Międzynarodowa Agencja Energetyczna (MAE; International Energy Agency – IEA) opublikowała raport Sieci elektroenergetyczne i bezpieczna transformacja energetyczna (Electricity Grids and Secure Energy Transitions) pokazujący, że zapobieganie zmianom klimatu, powodzenie globalnej transformacji energetycznej zależy także od sieci. 
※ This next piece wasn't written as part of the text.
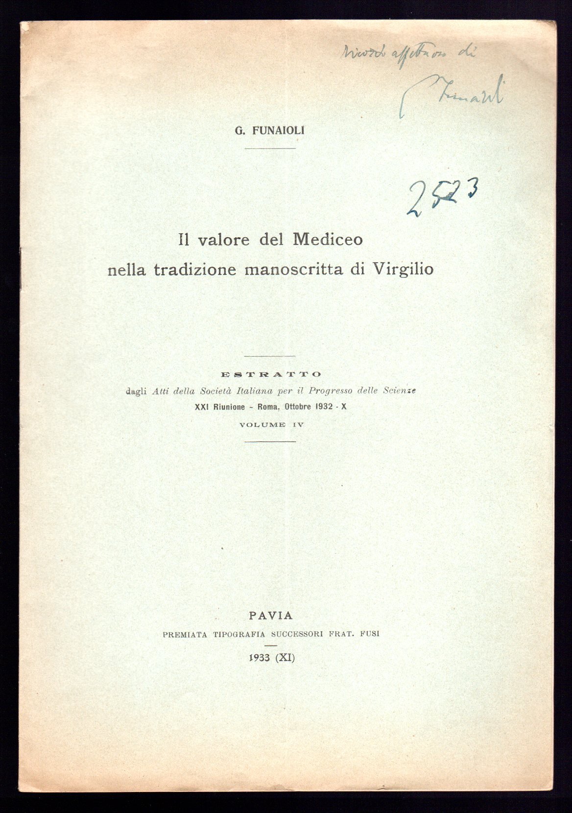 Opuscolo vintage. Estratto dagli Atti della Società italiana per il progresso delle Scienze - XXI Riunione - Roma - ottobre 1932 - X - Vol. IV. Dedica autografa dell'autore. Intonso e in quarta francobollo. Piega centrale. Ordinario segno del tempo.

Ziemię oplata już około 80 mln kilometrów sieci energetycznych, a to nie koniec

MAE wskazuje, że globalnie w ciągu ostatnich pięciu dekad sieć elektroenergetyczna stale się rozwijała, w tempie około 1 mln km rocznie. Większość tej ekspansji miała miejsce w sieciach dystrybucyjnych, które stanowią około 93 proc., a linie przesyłowe to pozostałe 7 proc. całkowitej długości sieci.

Ta jest już niebagatelna. MAE podała, że w 2021 roku na całym świecie istniało prawie 80 mln km napowietrznych i podziemnych linii energetycznych o różnych poziomach napięcia.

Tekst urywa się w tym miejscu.